Les responsables américains qui voyaient autrefois WikiLeaks comme un peu plus qu'une machine de propagande irritante, et Assange comme un aboyeur de carnaval anti-establishment, ont maintenant une vision beaucoup plus sombre du groupe, Le Washington Post rapports.
Le directeur de la CIA, Mike Pompeo, a déclaré en mai 2017 que ses collègues trouvaient les éloges de WikiLeaks perplexes et profondément troublants.
Tant qu'ils font sensation, ils ne se soucient pas des vies qu'ils mettent en danger ou des dommages qu'ils causent à la sécurité nationale, a déclaré Pompeo, selon CNN . Il est temps d'appeler WikiLeaks pour ce qu'il est vraiment : un service de renseignement hostile non étatique souvent encouragé par des acteurs étatiques, comme la Russie.
Pompeo a ensuite doublé cette évaluation, décrivant WikiLeaks comme une menace pour la sécurité nationale et comparer son travail à celui du Hezbollah, de l'État islamique et d'al-Qaida.
Mais WikiLeaks est-il un groupe de renseignement hostile, ou simplement une organisation médiatique ?
La distinction pourrait être importante si les États-Unis tentaient d'extrader Assange de la Grande-Bretagne. L'année dernière, un tribunal britannique de l'information a reconnu WikiLeaks comme une organisation médiatique, ce qui pourrait permettre à Assange de plaider contre l'extradition des États-Unis au motif de la liberté de la presse.
Pure chaos
Une autre raison pour laquelle WikiLeaks s'est peut-être égaré est la nature chaotique de ses propres processus de travail.
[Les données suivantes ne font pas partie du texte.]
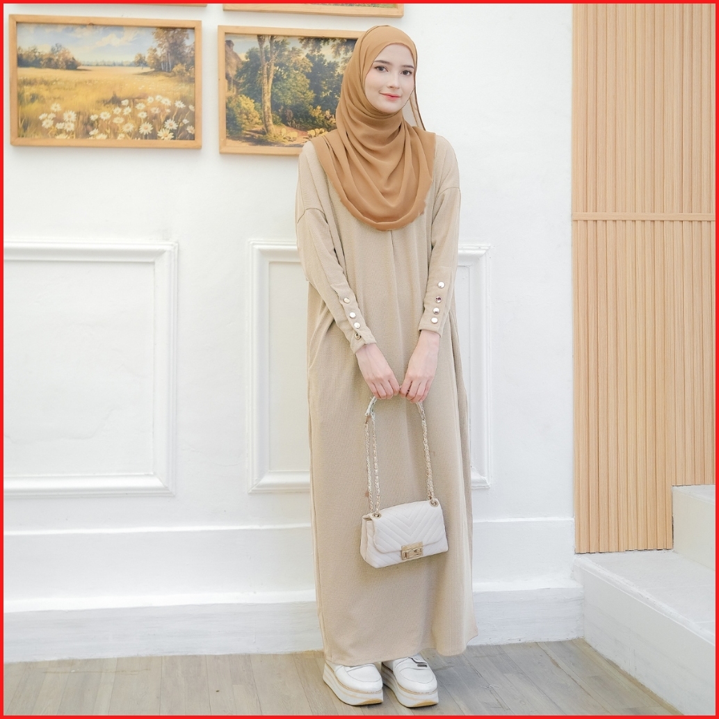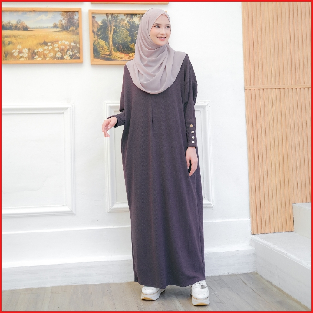 Outfiks Abaya Gamis Batwing Plisket Knit Dress Busui Umroh Lebaran Haji Daily V1

Il n'y a pas de systèmes. Il n'y a pas de procédures - pas de rôles formels, pas d'heures de travail. C'est juste Julian et tout ce qu'il ressent, a déclaré un ancien militant de WikiLeaks au Washington Post.
La taille du personnel de WikiLeaks et ses finances sont également troubles, ajoute le journal. WikiLeaks a amassé une réserve de bitcoins, une monnaie numérique qui permet des transactions anonymes et sans banque.
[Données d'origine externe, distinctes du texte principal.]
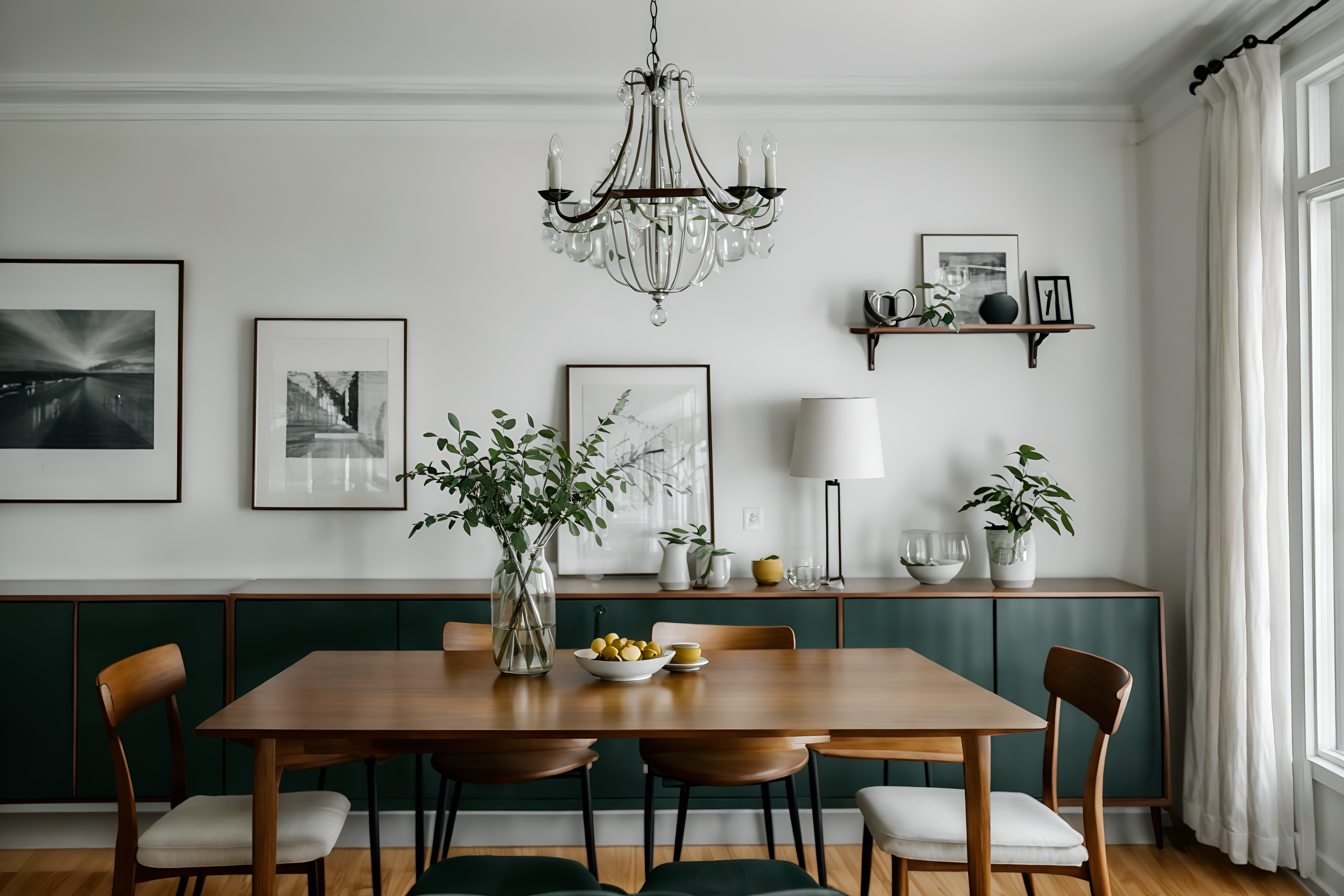 photo from pinterest of simple-style interior designed (dining room interior) with plates, cutlery and glasses on dining table and bookshelves and dining table and painting or photo on wall and vase and plant and light or chandelier and table cloth cinematic photo, highly detailed, cinematic lighting, ultra-detailed, ultrarealistic, photorealism, 8k. trending on pinterest. simple interior design style. masterpiece, cinematic light, ultrarealistic+, photorealistic+, 8k, raw photo, realistic, sharp focus on eyes, (symmetrical eyes), (intact eyes), hyperrealistic, highest quality, best quality, , highly detailed, masterpiece, best quality, extremely detailed 8k wallpaper, masterpiece, best quality, ultra-detailed, best shadow, detailed background, detailed face, detailed eyes, high contrast, best illumination, detailed face, dulux, caustic, dynamic angle, detailed glow. dramatic lighting. highly detailed, insanely detailed hair, symmetrical, intricate details, professionally retouched, 8k high definition. strong bokeh. award winning photo.

Le groupe aurait un stock de bitcoins d'une valeur totale d'environ 25 millions de dollars, bien que la volatilité de la cyber-monnaie signifie que ce chiffre peut fluctuer énormément.
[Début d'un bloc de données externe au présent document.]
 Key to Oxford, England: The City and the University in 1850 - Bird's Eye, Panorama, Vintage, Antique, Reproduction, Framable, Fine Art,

« Un problème héréditaire »
Le président équatorien Lenin Moreno a qualifié cette semaine Assange de problème hérité qui remonte à juin 2012, lorsque le cyber-rebelle a demandé l'asile politique à l'ambassade d'Équateur.
Moreno a déclaré dans une interview télévisée qu'Assange avait créé plus qu'une nuisance pour son gouvernement.
Ce n'est pas la première fois que Moreno exprime ses doutes. À la suite du soutien public d'Assange à la campagne pour l'indépendance de la Catalogne, Moreno a averti Assange de ne pas s'ingérer dans la politique équatorienne ou dans celle des nations qui sont nos amis.
Selon Le pays , un tweet influent sur le référendum publié par Assange est devenu viral à la suite d'activités sur de faux comptes de médias sociaux.
Le journal a également affirmé que le média russe RT utilisait son portail en espagnol pour diffuser des articles sur la crise catalane avec un parti pris contre la légalité constitutionnelle.
Opportunisme nihiliste ?
Hillary Clinton a décrit le fondateur de WikiLeaks comme une sorte d'opportuniste nihiliste qui obéit aux ordres d'un dictateur - une référence au président russe Vladimir Poutine, selon Le télégraphe quotidien .
Mais Assange conserve le soutien de certains commentateurs, qui le voient comme un martyr d'une noble cause.
Assange est l'une de ces rares personnalités politiques contemporaines à adopter une perception véritablement globale du monde, dit de Lagasnerie.
Quelqu'un m'a dit un jour que si Edward Snowden jouit d'une plus grande sympathie qu'Assange en Europe occidentale ou aux États-Unis, c'est parce que les fuites de Snowden concernaient principalement des Occidentaux blancs, alors qu'une grande partie des informations publiées par WikiLeaks concernent des Yéménites, des Afghans ou des Irakiens. Je pense qu'il y a beaucoup de vérité à cela.